Politician and comedian Serhiy Prytula, who ran for Kyiv mayor as the Voice party candidate in 2020, announced he’s creating a political party on Sept. 28.
“So far, it’s in the process of being formed,” Prytula said in an interview aired on Channel 24. “If you want an exclusive — naming, branding and so on, then give me some time, and I will tell you everything.”
JOIN US ON TELEGRAM
Follow our coverage of the war on the @Kyivpost_official.
“This will definitely not be just some virtual story,” he added.
Prytula hopes to get into Verkhovna Rada with his new party — something he hadn’t managed to do in the latest 2019 parliamentary elections. He was 30th on the Voice party ballot, which got just 20 seats out of 423.
Prytula said he is already putting together his team in several regions. As for financing, Prytula said he’s negotiating with “businessmen of different calibers,” but “none among them can be called oligarchs.”
Who is Prytula
Prytula, 40, became famous in 2008 when he started hosting the morning show Pidyom — the same one that employed Oleksandr Skichko, the governor of Cherkasy Oblast. Since then, Prytula has hosted various TV shows.
He is known for his sarcastic humor.
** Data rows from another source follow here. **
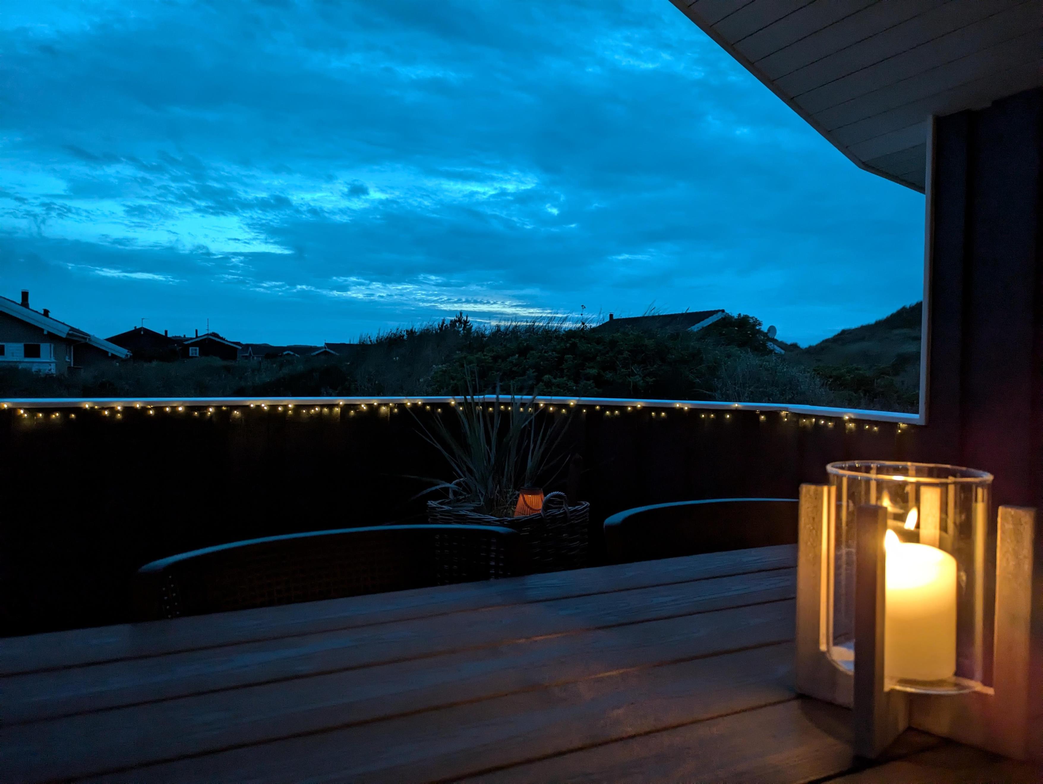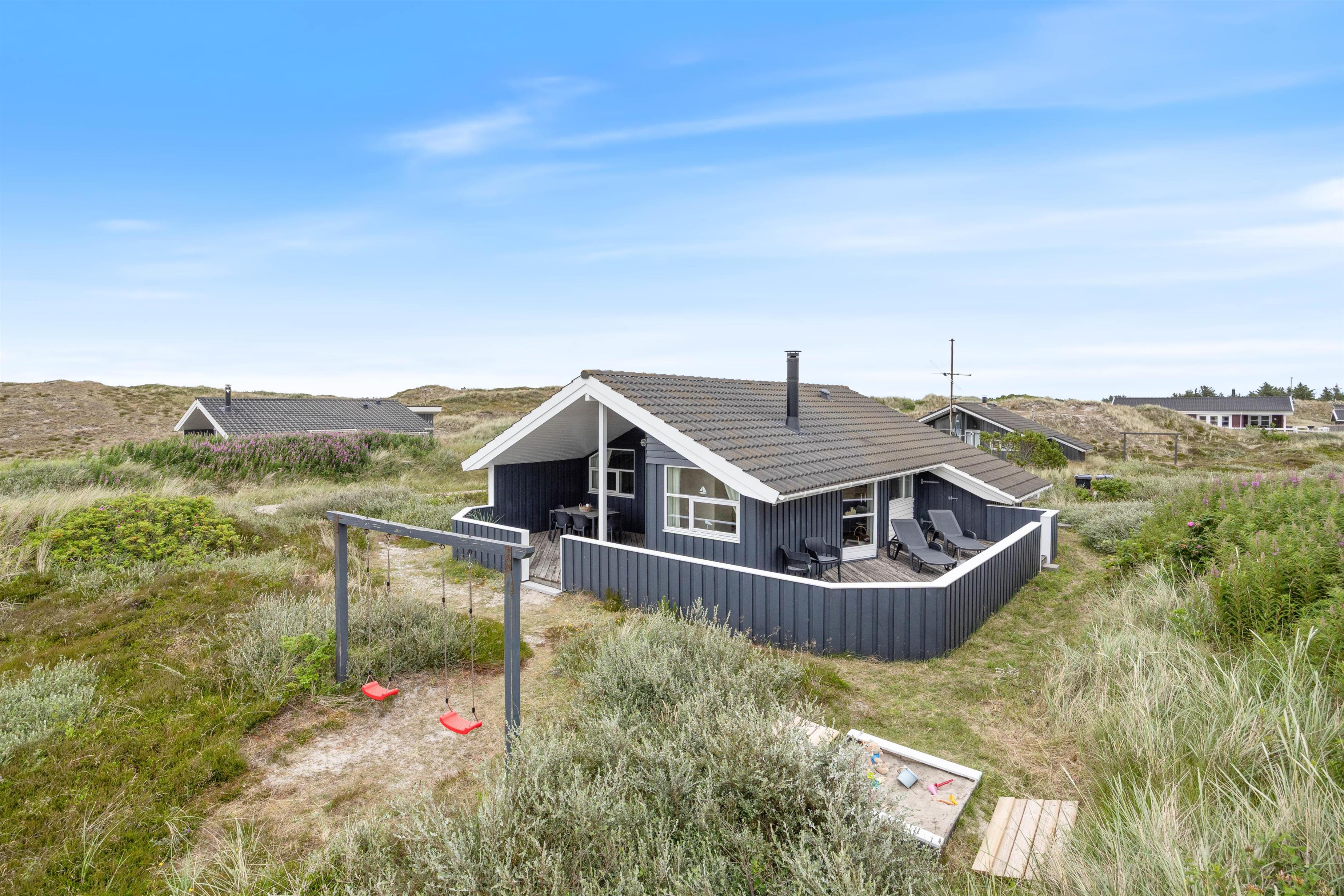 En hyggelig og lukket terrasse mod syd indbyder til masser af udendørs aktivitet. Her kan man nyde morgenkaffen til solopgangen over Ringkøbing Fjord mod øst, mens børnene gynger eller leger i sandkassen. – Sidst på dagen kan man nyde solnedgangen over klitterne mod vest, måske sammen med en veltilberedt grillmiddag på terrassen – og med havets beroligende brusen i baggrunden.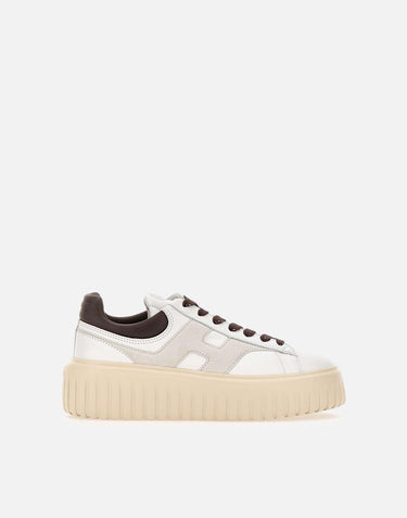 Hogan women's "H Stripes" sneakers, white with chocolate and ice details, nappa leather upper, suede inserts, split H suede on side, logo on tongue, 8 mm memory foam insole, extra-light EVA outsole with vertical stripes, total height 4.8 cm, regular fit, made in Italy. Fabric case included. Additional laces.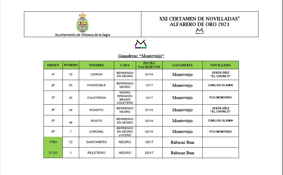 «Cidrón» de Monteviejo será el encargado de abrir plaza para el festejo que se celebrará en Villasecade la Sagra. Jesús Díez «El Chorlo», Carlos Olsina y Francisco Montero serán los encargados de realizar el paseíllo.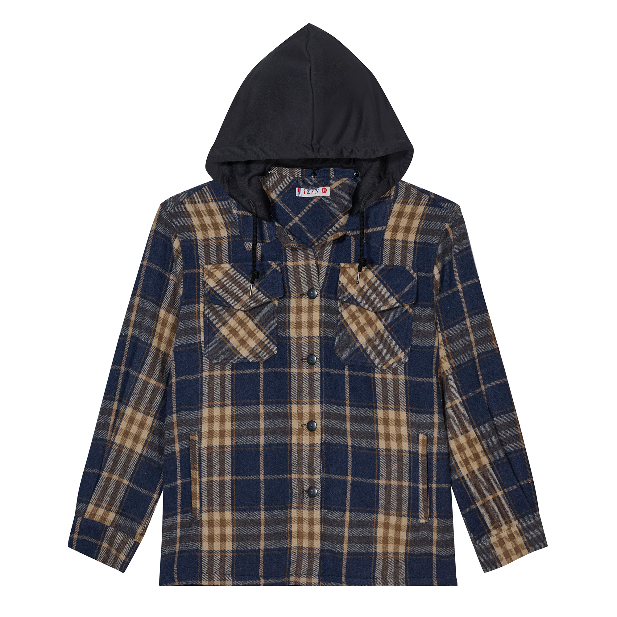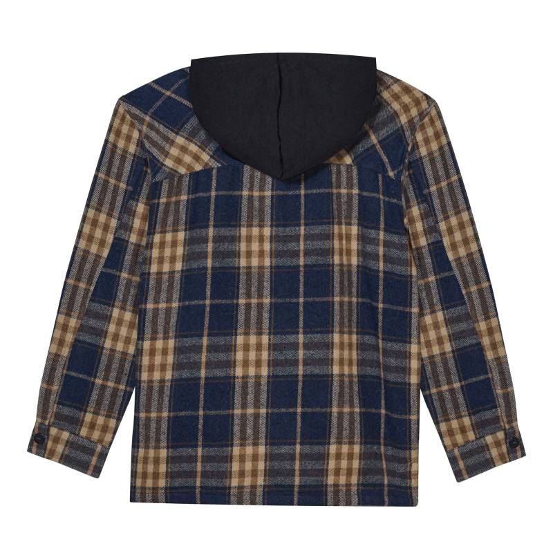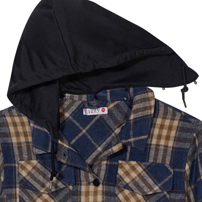 Camisaco juvenil cuadrille color azul y beige con botones y dos bolsillos con solapa al frente. Capucha color negra desmontable.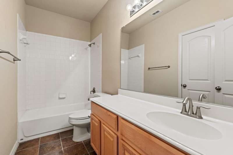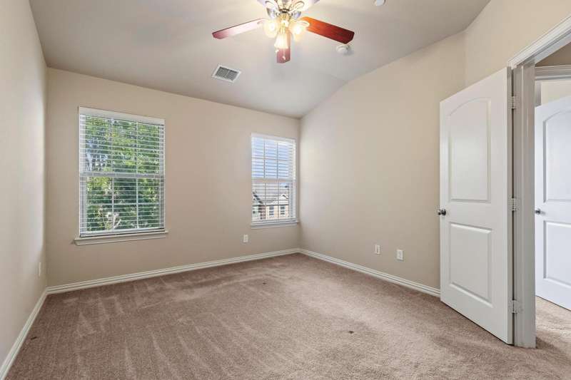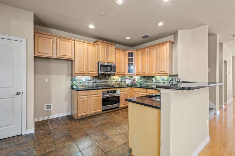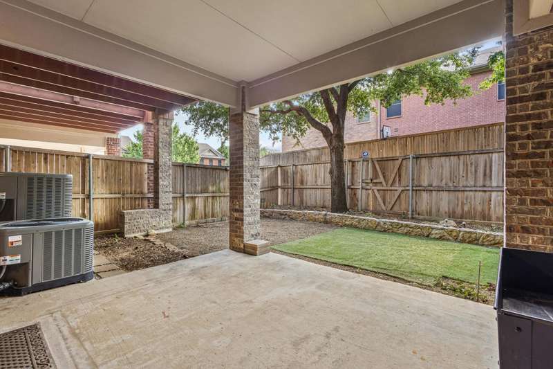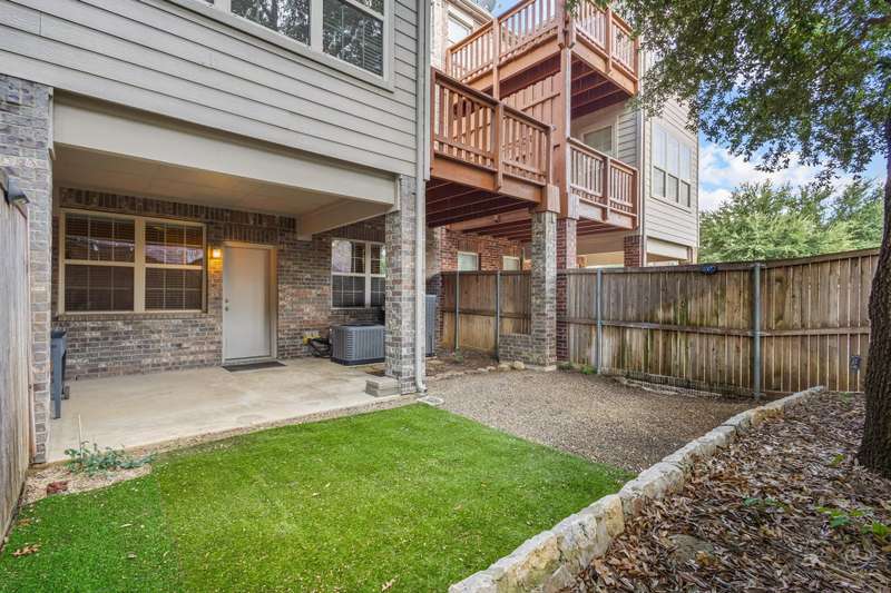 **NOW OFFERING 10K TOWARDS BUYER CLOSING COSTS** Located in the desirable Settlers Village community of Lewisville, this charming 3-story brick townhome offers the perfect combination of comfort, style, and low-maintenance living. The first floor features a private bedroom with a full bathroom, a versatile flex space ideal for an office or gym, and access to the main-level covered patio. The backyard is a relaxing retreat with a mature shade tree, artificial turf, and pea gravel, providing privacy and beauty without the hassle of yard work. On the second floor, enjoy the bright and open layout connecting the living room, dining room, and kitchen, complete with a cozy breakfast nook and access to the second-story balcony. The third floor features the primary suite, complete with a garden tub, separate shower, and a walk-in closet with built-in shelving, as well as two additional bedrooms and a full bathroom located in the hallway. Notable features include FRESH PAINT, maple hardwood floors and cabinetry, a brand-new microwave, carpet replaced three years ago, and AC units, furnace, and water heater all replaced within the last two years. Residents of Settlers Village enjoy access to a sparkling community pool with an outdoor grilling area, making this home the perfect place to relax and entertain. This townhome is close to I-35, Highway 121, and 10 minutes from DFW airport.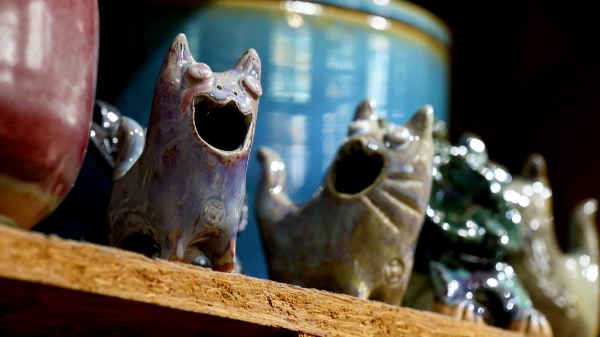 王子強給瓦貓披上了青花釉外衣或者其他鮮艷的釉色,形態上結合家貓的可愛動作和姿態,有的圓潤可愛,有的憨態詼諧,大的可以陳列物品,小的可以捧在手心,受到了年輕人的歡迎。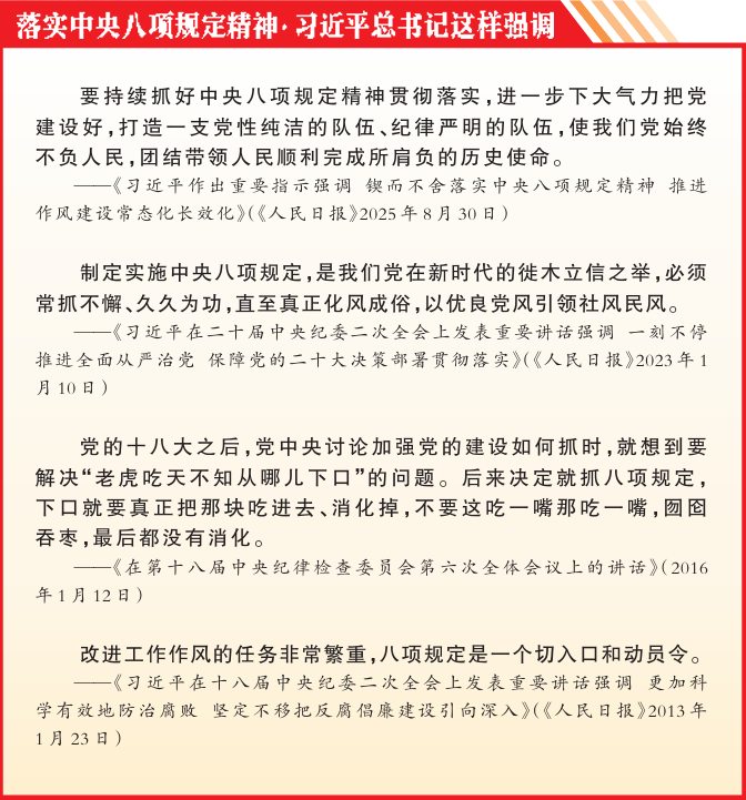 沒有規矩,不成方圓。9月25日,中央紀委國家監委公布了2025年8月全國查處違反中央八項規定精神問題匯總情況。當月,全國共查處違反中央八項規定精神問題26838起,批評教育和處理34480人,其中黨紀政務處分23547人,這是連續第144個月公布月報數據,傳遞出紀檢監察機關常態長效深化落實中央八項規定及其實施細則精神、一嚴到底糾治“四風”的強烈信號。紀檢監察機關要自覺把思想和行動統一到黨中央決策部署上來,緊緊圍繞二十屆中央紀委四次全會部署,堅持以“永遠在路上”的執著和“抓鐵有痕”的韌勁,不斷加固中央八項規定堤壩。

When Russia started its war in eastern Ukraine, he raised money for Ukrainian soldiers, spent part of the income from his concerts on military aid, and financed the rehabilitation center for war victims in his native city Ternopil.
Prytula entered Ukrainian politics in 2019 by running for parialment on the Voice party ballot. In the mayoral election in Kyiv in 2020, Prytula took third place, with 7.87% of the votes. Voice also gained nine out of 120 seats in the Kyiv city council.
Leaving Voice
In June, Prytula, who was planning to revive the stagnating Voice party, said he’s giving up on the project.
“I’m not leaving politics. I’m leaving a party which, thanks to its new leadership, has moved so far away from our initial principles that it is possible to say that the point of no return has been passed,” Prytula said in his statement published on Facebook.
Voice issued a statement saying that the ex-comedian placed personal ambitions above the party’s interests.
“We are not surprised that Prytula’s personal ambitions and desire to get governing positions at any cost prevailed over a common goal,” the party stated. “We wish him good luck in building his own political project, which he will obviously undertake.”
Some experts believe that Prytula’s departure was crucial for Voice. The party’s electoral support has evaporated amid infighting after its former leader, Svyatoslav Vakarchuk, left politics.
“Vakarchuk’s departure was a knockdown, Prytula’s departure is a knockout,” Anatoly Oktysiuk, a political expert at local think tank Democracy House, told the Kyiv Post in June. “The party is done.”
In spring 2021, serious disagreement began between Voice members, which led to the party unofficially splitting into two camps.
Ten lawmakers, including Yaroslav Yurchyshyn, the former head of Transparency International Ukraine, and Oleksandra Ustinova, an anti-corruption activist, returned to public activism, taking part in street protests and appearing in televised court hearings in support of activist defendants. Prytula supported this group.
The other ten, including party leader Kira Rudik, economist Yaroslav Zheleznyak, and Serhiy Rakhmanin, the former deputy chief editor of the Dzerkalo Tyzhnya news outlet, moved the party deeper into mainstream politics.
In February, when half of the party took part in street protests against the conviction of activist Serhiy Sternenko, Rudik gave an interview to Interfax in which she said her party was holding coalition talks with Zelensky. However, Servant of the People denied ever having talks with Rudik. Voice members, who were taking to the streets in protest against Zelensky’s policies, urged Rudik to resign.
Instead, Prytula and several prominent lawmakers were excluded from the party’s leadership. Yurchyshyn and Ustinova publicly accused Rudik of hijacking control of Voice and missing 60% of parliamentary sessions and called on her to leave the party.
On June 16, half of the party’s 20 lawmakers broke away, creating an unofficial parliamentary group called Justice (Spravedlyvist), which later grew to 11 deputies.